Some conventional antibody-based assays, such as enzyme-linked immunosorbent assays (ELISAs) and Western blots, have been widely used for protein expression analysis. However, these methods depend on the availability and quality of specific antibodies, and it is frequently challenging to prepare highly selective antibodies for target proteins that share similar amino acid sequences [12]. Moreover, antibody-based analysis usually detects a limited number of proteins per assay, in most cases, one per analysis. In recent decades, liquid chromatography-tandem mass spectrometry (LC-MS/MS) has emerged as an important technique for protein identification and quantification. This technique has several advantages over conventional antibody-based assays. For instance, it is a high-throughput method with the ability to simultaneously quantify thousands of proteins [10,12,13]. Moreover, LC-MS/MS-based proteomics analysis can detect and quantify both native proteins and post-translational modifications (PTMs) [14], whereas antibody-based methods may require specific antibodies for each task.
In this review, we summarize recent progress in the LC-MS/MS-based proteomics of DMETs, with a focus on DMET protein expression profiles in human tissues relevant to PK, such as the liver, intestine, blood–brain barrier (BBB), and lung. Furthermore, we discuss the potential clinical applications of DMET proteomics, including the use of DMET protein expression data in the development of physiologically based pharmacokinetic (PBPK) models and the discovery of DMET protein biomarkers for precision pharmacotherapy.

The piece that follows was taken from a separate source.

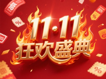 3D鎏金大字搭配火焰粒子,金属质感与喜庆红背景碰撞,营造热血促销氛围,双11狂欢盛典尽显体积感与视觉冲击力。

2. LC-MS/MS-Based Proteomics Techniques for DMET Studies

An in-depth discussion of the principles of MS-based proteomics is beyond the scope of this review. We direct readers who have an interest in this topic to the recent publications [15,16]. Briefly, LC-MS/MS-based proteomics can be divided into two categories: “top-down” and “bottom-up”. The top-down strategy analyzes intact proteins without digestion. One of the advantages of “top-down” proteomics is its ability to detect and localize sequence variations, alternative splicing events, and PTMs, as this information is retained in intact proteins [17]. However, “top-down” proteomics has some limitations that hinder its application, which include low sensitivity, a limited number of bioinformatics tools, and inferior chromatographic performance of intact proteins compared to that of peptides [18]. Consequently, the use of “top-down” proteomics in ADME research is uncommon, and most DMET protein analyses were conducted using “bottom-up” methods. In “Bottom-up” proteomics, proteins are digested into peptides before being analyzed by LC-MS/MS. “Bottom-up” approaches can be further categorized into targeted and nontargeted (global) proteomics.

2.1. Targeted Proteomics

Targeted proteomics techniques detect the preselected surrogate peptides to quantify the proteins of interest. These techniques include selective reaction monitoring (SRM, also named multiple reaction monitoring, MRM) and parallel reaction monitoring (PRM, also named high-resolution multiple reaction monitoring, MRM-HR) modes. Targeted proteomics demonstrated higher sensitivity, specificity, and reproducibility than nontargeted proteomics due to its narrow isolation windows and specific peptides selected for monitoring. For SRM proteomics, both precursors and product ions are preselected, and ion fragmentation conditions need to be optimized, resulting in significant efforts in assay development [16,19]. As a comparison, PRM proteomics usually requires less effort in assay development because PRM uses a full scan of product ions from the preselected precursors [16,20]. PRM showed similar or even higher sensitivity than SRM for highly complex samples [21]. Additionally, PRM exhibited a higher selectivity than SRM because PRM proteomics is performed on a high resolution MS (e.g., time-of-flight and orbitrap MS) and SRM proteomics usually uses a low resolution MS (e.g., triple quadrupole instrument) [22]. It should be noted that the targeted proteomics techniques, including both SRM and PRM, have limited multiplexing capacity because each assay can only contain a finite number of target precursors [16,19]. Targeted proteomics techniques are considered as the gold standard for the quantification of selected sets of proteins [15]. For this reason, most DMET proteomics studies were performed using targeted proteomics techniques.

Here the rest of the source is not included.